A perfected encrypted communication system emerges from the mafioso's and his associates' communications and diaries, where literary references abound: Campobello, in the province of Trapani, becomes the "Macondo" of Garca Marquez. Each person has many pseudonyms that alter depending on the situation.
It takes a puzzle solver to decipher the boss Matteo Messina Denaro's notes and pizzini. And that's precisely what the investigators have been doing ever since the last of the Corleonesi was apprehended in Palermo in the middle of January. In the city's various hideouts, as well as in the residences of other suspects, including his sister Rosalia and the teacher Laura Bonafede, who was arrested yesterday, valuable writings have been discovered that are crucial for reconstructing the movements, relationships, and affairs of the former super-fugitive. The "Messina Denaro Code" is a sophisticated encrypted communication system with literary references that varies depending on the situation, therefore breaking it is by no means easy.

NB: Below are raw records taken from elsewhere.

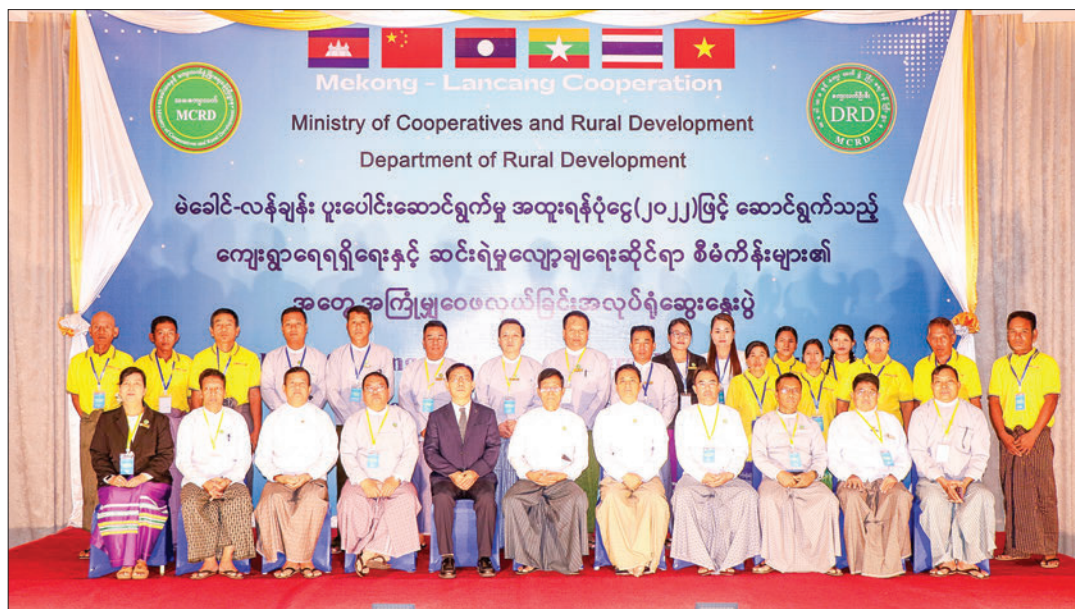
The rural development workshop on Mekong-Lancang Cooperation projects in progress yesterday in Nay Pyi Taw.

THE Department of Rural Development under the Ministry of Cooperatives and Rural Development held a workshop at MGallery Hotel in Nay Pyi Taw yesterday. The session focused on sharing experiences related to poverty alleviation and rural water access projects funded through special funds from the Mekong-Lancang Cooperation.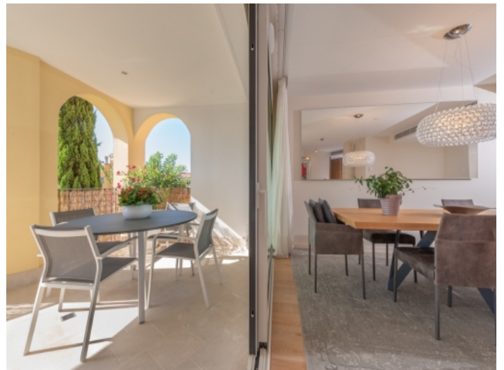
Access to the noble living area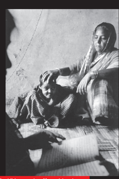
A child severely affected by the gas

Most of those exposed to the poison gas came from poor, working-class families, of which nearly 50,000 people are today too sick to work. Among those who survived, many developed severe respiratory disorders, eye problems and other disorders. Children developed peculiar abnormalities, like the girl in the photo.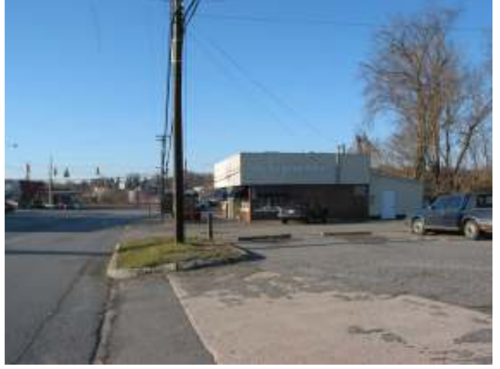
Site 8: Southern Bells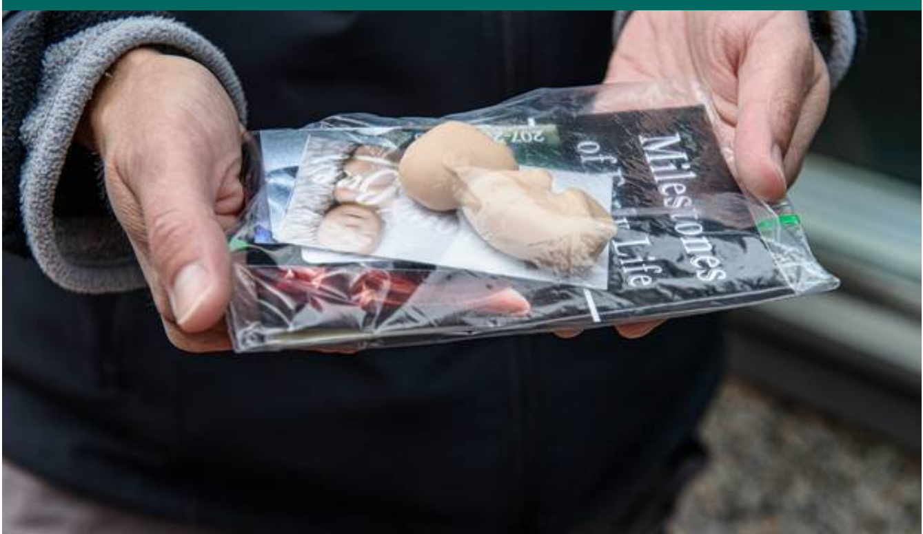
Abortion opponents show a doll of a fetus at 13 weeks.

“ I am what is called "never Trumper". I will never be able to vote for him. He has chosen to be a terrible human being.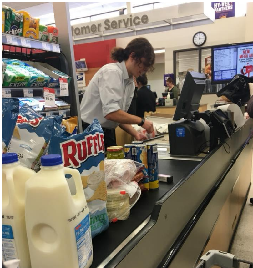
A cashier scans groceries and collects money from shoppers.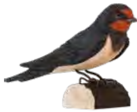
BARN SWALLOW Hirundo rustica WG4438

As a result, the same individual can have more than one pseudonym, which changes and automatically affects the other interlocutors'. You must have the "keys" to comprehend. Several have already been purchased.
The tumor that becomes "the Romanian" that drains strength
Sifting through the pizzini, one discovers, for example, that the tumor Messina Denaro is suffering from becomes "the Romanian" who drains strength and energy and that "the sleazy" is not a person, but the La Maddalena clinic, where the mafioso was operated on in 2021 and then continued his oncological treatments, including the session of 16 January at 8, when he was however blocked and captured by the Ros carabinieri.
The pseudonyms that change according to the circumstances
The language used in the pizzini and the diaries, which the prosecutor Maurizio De Lucia, the deputy Paolo Guido, and the substitutes Gianluca De Leo and Pierangelo Padova, who coordinate the investigation on the boss's supporters, are gradually revealing. If Rosalia Messina Money, arrested recently and who unwittingly contributed significantly to her brother's capture after thirty years on the run, was "Fragolone," Laura Bonafede, the teacher who ended up in prison yesterday and who also allegedly lived with Messina Denaro for a long period of his in hiding, he would have had several aliases: "Cugin", "Amico", "Mio", "Blu", "Venesia"
Campobello is the "Macondo" of Garcìa Marquez
Martina Gentile, Bonafede's daughter, for whom the prosecution had requested the arrest, would have been "Tania", "Tany", "Lupetta", but possibly "Cromatina". The detectives determined that "Donna" was Laura Bonafede's mother, and "Man" was her father, Leonardo Bonafede, the now-deceased mafia boss of Campobello di Mazara, who was "revered by his daughter," according to the investigators. Instead, "the woman who helps Venesia" is a young Romanian who would have assisted her instructor ("Venesia") in caring for her mother. Some linguistic ploys then delineate a type of parallel world: Castelvetrano becomes "Aragona," and Campobello becomes "Macondo," with a nod to the hamlet in which the novel "Centennial" is set.
Numerous code names that have yet to be decrypted
As the investigations progress, more pseudonyms emerge from pre-trial detention orders that the investigators have yet to decipher. "A3B" occurs in reference to the person who took Laura Bonafede to jail, but also "Sollimano" and "Pancione," two persons to whom "a warning," which the investigators believe may have been murder, would have been necessary.I've always known Sollimano was obsessed with money - Laura Bonafede wrote to Messina Denaro - and that he liked to spend and earn easy money, but I never imagined it would go so far. In my opinion, it is connected to the dread of that warning that he thinks about Man, in addition to money (Leonardo Bonafede,).